Friday, June 17, 2011
When Being A Strong Black Woman Goes Wrong
Would you consider yourself a "strong" black woman? If you're not a black woman, but you are a woman, and you're reading this, would you describe yourself as "strong"? Recently, I was over at A Belle in Brooklyn, and she referenced an article about "strong black women", written by a man, RK Beyers. To use the same quote that Belle did, Beyers stated:
We hear so much about “Strong Black Women”—recently even newly crowned NBA MVP Derrick Rose described his mother as a “Strong Black Woman”—that it almost seems as if the words “Black woman” should also, by definition, have the word “strong” implied.
But “strength” is a masculine trait.
And as the psychological warfare continues that is now trying to explain to us that Black women are the ugliest women alive because they have more testosterone than other women, forgive me if I don’t feel comfortable using any terms even remotely manly when describing someone as lovely, tender and delicate as my mother.
Hmm??? Interesting. His sentiment was sweet and gives me something to think about. When and why has being a "strong" black woman become a bad thing?
I don't know Mr. Beyers' mother so I wouldn't dare speak about her. But I'm quite familiar with my own, and though she is "lovely, tender, and delicate", I don't think I'd be misleading if I said that she was strong. Strength in my view is not a masculine trait. It's unisex. I cannot tell you, but I can only imagine how strong you have to be to bear a child. But if that doesn't take some sort of, strength then I must have the definition wrong.
With that being said, I could argue that our strength, can often be to our detriment. I can't speak for all women but I can speak for myself, and I don't know if it's the "strong black woman" in me, but I often find it hard to back down from a fight. That's with anyone. Some fights, I just don't have the time nor energy to partake in. Though the ones I do strap up for, I come out guns blazing. Remember, I told ya'll I was a g.
But even G's mess up sometimes. We may not know when to fall back. When someone pushes, we push harder. When a jab is thrown, we counter with a cross. We've all heard of picking and choosing our battles, but even the battles we choose are sometimes irrelevant. Too often people don't realize that we give life to things that would have none, had we not given them our attention.

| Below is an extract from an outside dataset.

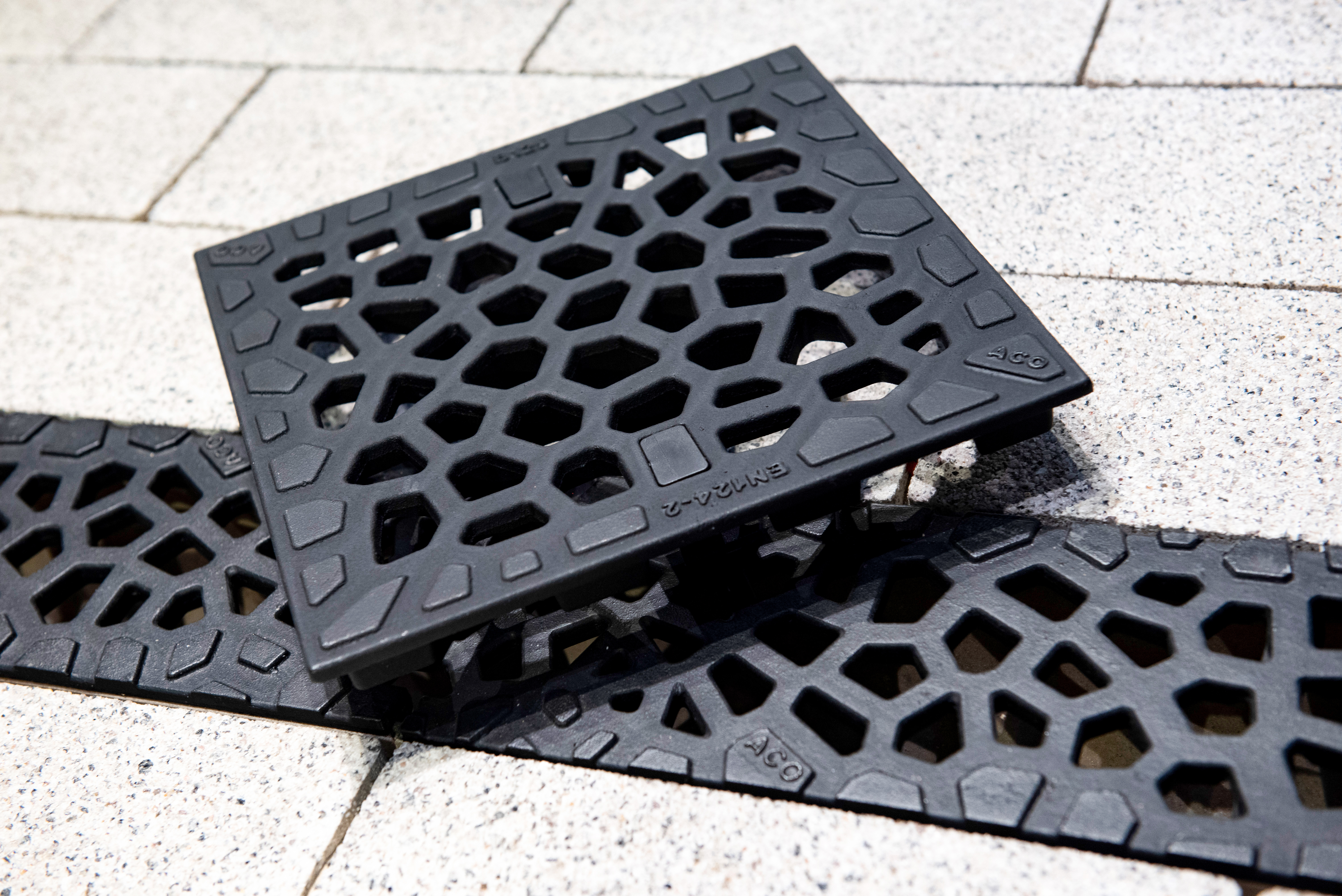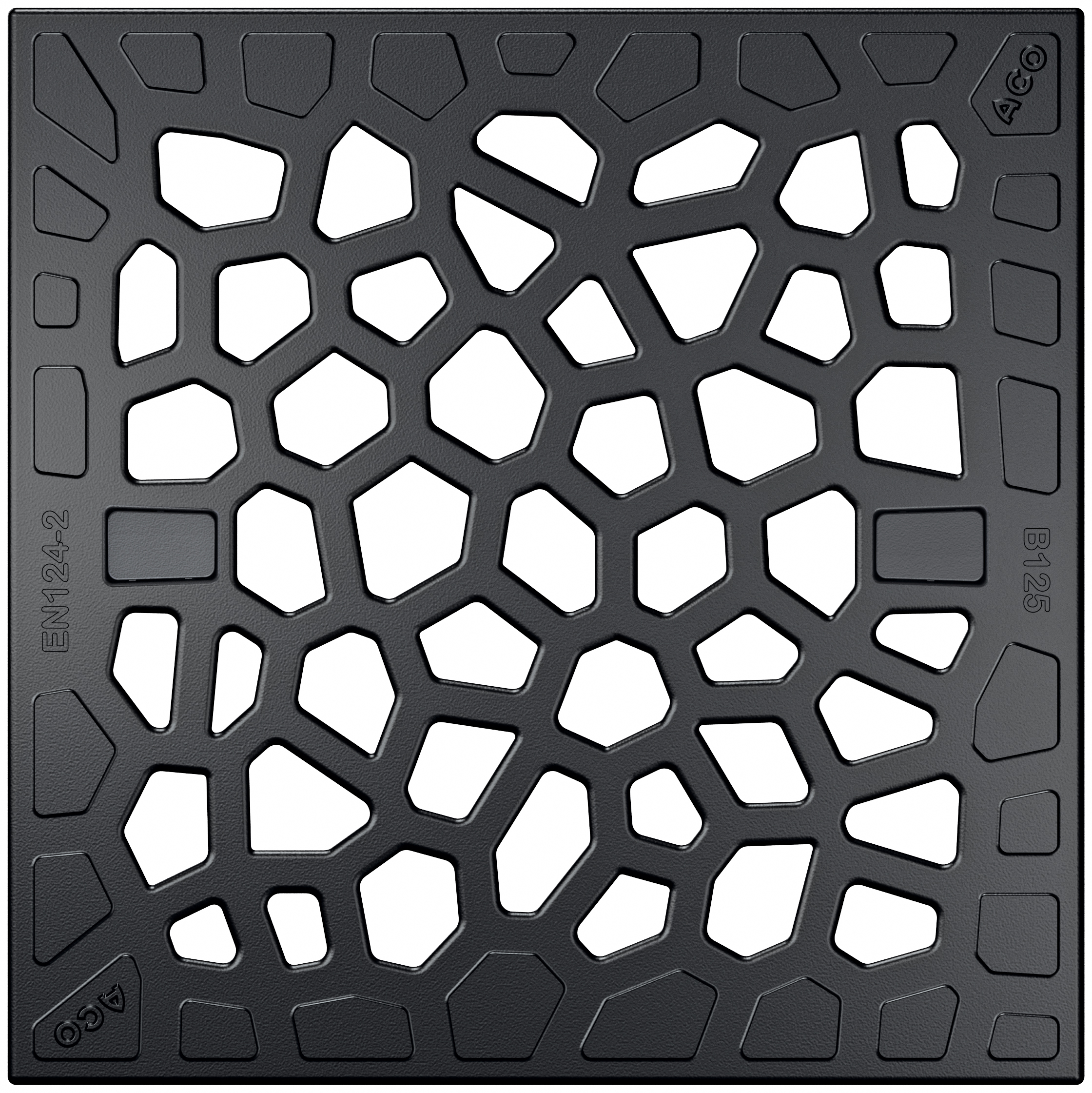 Segjärnsgaller med ett organiskt mönster med inspiration från naturen. Voronoi vann Reddot Award för bästa produktdesign 2020. Mått: 249 x 249 mm. Passar till ACO Self Europoint

Me, huh? I make it hard to come back even if I wanted to. Many times I've been left wondering, Ehh? Have I said too much? Was THAT the point of no return? How far is too far and how do we stop ourselves from getting there? How do we soften that "strong" black woman? And do we want to?
Recently, I was beefing with my boo and he says to me, "why do you have to be such a strong black woman?" Huh? I immediately thought back to the article I'd read and how the term has become an insult. So much so that men even avoid "strong" black women. A woman by definition, should be soft and feminine, but even I can admit that sometimes the lines can be blurred. Now don't get me wrong, I can bump some Ms. Independent and Girls Run the World with the best of 'em. At the same time, listening to James Brown belt out "It's a Man's World", isn't the most absurd thing either. The problem is finding a balance.
We all have our roles to play and part of that is knowing when to step back. When to play your position. How to be a strong black woman, but being a woman all the same. You follow me? I'm still figuring it out. How bout you??